Recombinant Pyrenophora tritici-repentis 3-ketoacyl-CoA reductase offers significant potential for advancing our understanding of wheat tan spot disease mechanisms through multiple research applications. This enzyme's role in fungal fatty acid metabolism provides unique insights into pathogen biology and potential intervention strategies.

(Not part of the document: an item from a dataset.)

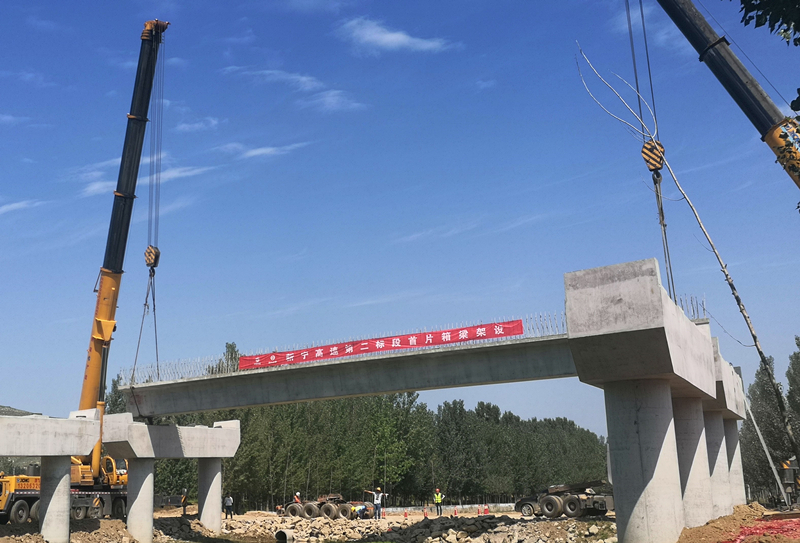 新寧二標(biāo)首片箱梁成功架設(shè)就位

• Metabolic pathway analysis in pathogenesis: As 3-ketoacyl-CoA reductase (KAR) plays a central role in fatty acid biosynthesis, studying its activity can reveal how P. tritici-repentis modulates its lipid metabolism during different stages of infection. Specific research applications include:

  • Comparing enzyme activity and expression levels between saprophytic growth and plant infection phases

  • Tracing carbon flux through fatty acid biosynthesis pathways during host colonization

  • Determining if specialized lipid structures required for appressorium formation and penetration depend on this enzyme

• Gene knockout/knockdown studies: Using CRISPR-Cas9 or RNAi techniques to disrupt or downregulate PTRG_11203 expression, researchers can evaluate:

  • Effects on fungal growth, morphology, and cell wall integrity

  • Impact on virulence and pathogenicity in wheat infection assays

  • Potential metabolic bottlenecks or compensatory pathways activated in response

• Inhibitor development and screening: The recombinant enzyme serves as an excellent target for developing specific inhibitors that could lead to novel fungicides:

  • High-throughput screening of chemical libraries against purified recombinant enzyme

  • Structure-based drug design utilizing the enzyme's structural model

  • Validation of hit compounds in whole-cell fungal assays and plant infection models

• Comparative genomics across isolates: The high genome plasticity observed in P. tritici-repentis (with 29 different karyotypes identified among 47 isolates) suggests potential genetic diversity in metabolic enzymes. The recombinant enzyme enables:

  • Sequence and activity comparisons among different races and isolates

  • Correlation of enzyme variants with virulence phenotypes

  • Identification of selective pressures acting on this metabolic pathway

• Biomarker development: The enzyme or its metabolic products could serve as biomarkers for:

  • Early detection of tan spot infection in wheat

  • Monitoring fungicide resistance development

  • Distinguishing P. tritici-repentis from other wheat pathogens in mixed infections

• Systems biology integration: Incorporating knowledge about 3-ketoacyl-CoA reductase into broader metabolic networks provides:

  • Comprehensive mapping of lipid metabolism during infection

  • Integration with transcriptomic and proteomic data to understand regulatory networks

  • Predictive models of fungal adaptation to environmental stresses and host defenses

• Host-pathogen interaction studies: The enzyme's products may directly or indirectly influence host responses:

  Research Question	Experimental Approach	Expected Outcome
  Do fungal lipids derived from this pathway act as PAMPs?	Treat wheat cells with purified lipids, measure defense responses	Identification of novel pathogen recognition mechanisms
  Can wheat produce inhibitors of fungal KAR?	Screen wheat metabolites for enzyme inhibition	Discovery of natural defense compounds
  Does the enzyme contribute to effector production/delivery?	Compare effector secretion in wildtype vs. KAR mutants	Understanding of effector biology

These diverse research applications demonstrate how Recombinant Pyrenophora tritici-repentis 3-ketoacyl-CoA reductase serves as both a valuable research tool and a potential target for intervention strategies aimed at controlling wheat tan spot disease. By integrating molecular, biochemical, and systems approaches, researchers can leverage this enzyme to develop more effective and sustainable management strategies for this economically important wheat disease.